The Company is purchasing its 49.5% ownership interest in a series of
installments. At December 31, 2004, the Company had funded an aggregate of
$1,250,000 to Receptopharm under the Agreement. Subsequent to December 31, 2004
and through April 13, 2005, the Company funded an additional $285,000 to
Receptopharm, which increased the Company's ownership of Receptopharm to
approximately 37%.

Under the terms of the Agreement, the Company was required to complete the
entire $2,000,000 funding on October 1, 2004. The Company is currently in
discussions with Receptopharm regarding a modification to the Agreement to
provide for a new payment schedule for the remaining $465,000 that the Company
is required to pay to Receptopharm.

For accounting purposes, the Company is treating its capital investment in
Receptopharm as a vehicle for research and development. Because the Company is
solely providing financial support to further the research and development of
Receptopharm, such amounts are being charged to expense as incurred by
Receptopharm since Receptopharm presently has no ability to fund these
activities and is dependent on the Company to fund its operations. In these
circumstances, Receptopharm is considered a variable interest entity and has
been consolidated. The creditors of Receptopharm do not have recourse to the
general credit of the Company.

A summary of financial position and results of operations of Receptopharm is as
follows:

                                        2004
                                    -----------
          Current assets            $    71,903
          Property and equipment         59,375
          Other assets                   20,011
                                    -----------
                                    $   151,289
                                    ===========

          Current liabilities       $   224,003
          Stockholders' deficit         (72,714)
                                    -----------
                                    $   151,289
                                    ===========

          Sales                     $         -
                                    ===========
          Net loss                  $  (944,282)
                                    ===========

5.   SETTLEMENT OF DEMAND LOAN - STOCKHOLDER

From inception to May 2004, the Company funded its ongoing operational costs
through unsecured, non-interest bearing, demand loans from certain of its
shareholders, which included loans from the Company's former Chairman of the
Board, Zirk Engelbrecht.

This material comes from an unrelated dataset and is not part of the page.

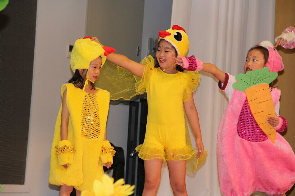 而接下来由朱小玲及贺旭两位英语老师带领学生们排演的英语小话剧“Little Red Hen”更像是一场视听盛宴:精美的舞台道具和服装,小演员们纯正的英语发音、流利的台词以及恰到好处的肢体动作与表情,都深深的吸引着台下的观众,纷纷竖起了大拇指。
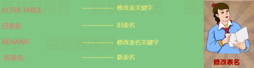 ALTER TABLE 旧表名 RENAME 新表名;示例:

At June 30, 2004, the balance on the loan due to Mr.
Engelbrecht was $1,384,931. On August 1, 2004, Mr. Engelbrecht assigned the loan
to Opus International, LLC, a company that Mr. Engelbrecht claims is controlled
by his wife, Marcy Engelbrecht. On or about August 9, 2004, a Managing Member of
Opus International, LLC made a formal demand for repayment of the loan in the
amount of $1,384,931.

                                      -43-



On September 28, 2004, the Company entered into a settlement agreement with Opus
International, which provided for the following terms:

o    The transfer of 6,000,000 shares of Infectech common stock owned by the
     Company to Opus International, in full and fair settlement of the
     outstanding debt owed to Opus International.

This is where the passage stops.